Thomas Leonard Hayman (24 May 1904 – 2 January 1962) was a New Zealand politician of the National Party and a farmer.

==Biography==

Hayman was born in 1904 in Willowbridge near Waimate. He received his education at Nukuroa School and Waimate High School, and left school aged 17 to help on the family farm. Between 1926 and 1945, he worked as a contractor in farming. He was active with several organisations, including the South Canterbury Power Board (where he served as deputy-chairman), chairman of the South Canterbury Federated Farmers, and treasurer of the Methodist Church Trust at Nukuroa. From 1941 to 1949, he was director of the Studholme sale yards.
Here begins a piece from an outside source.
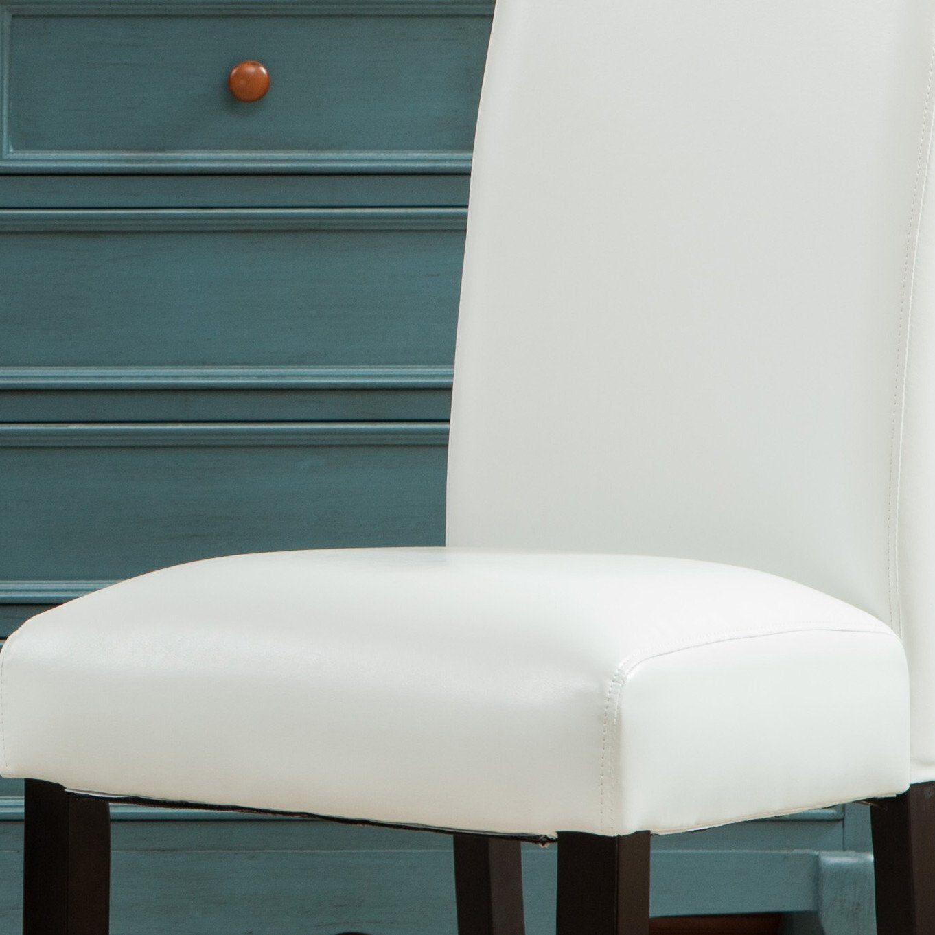Decorate your home with this comfortable and elegantly designed Donatello Leatherette Padded Parson Chair. This handsome duo sports a contemporary, geometric style that's softened with a layer of dense polyurethane foam beneath faux leather upholstery. The high back has a gentle curve that ever-so-slightly adds comfort to the art noveau-inspired style of this high-end pair of chairs. This clean-lined chair comes in your choice of four coloues: Blue, Brown, Black and White.

He represented the electorates of Oamaru from 1949 to 1957, and then Waitaki from 1957 to 1962, when he died. In 1949, he defeated Labour's Arnold Nordmeyer.

He was a cabinet minister from 1960 to 1962; Postmaster-General from 12 December 1960 to 2 May 1961, then Minister of Agriculture from 2 May 1961 until 2 January 1962.

In 1953, Hayman was awarded the Queen Elizabeth II Coronation Medal.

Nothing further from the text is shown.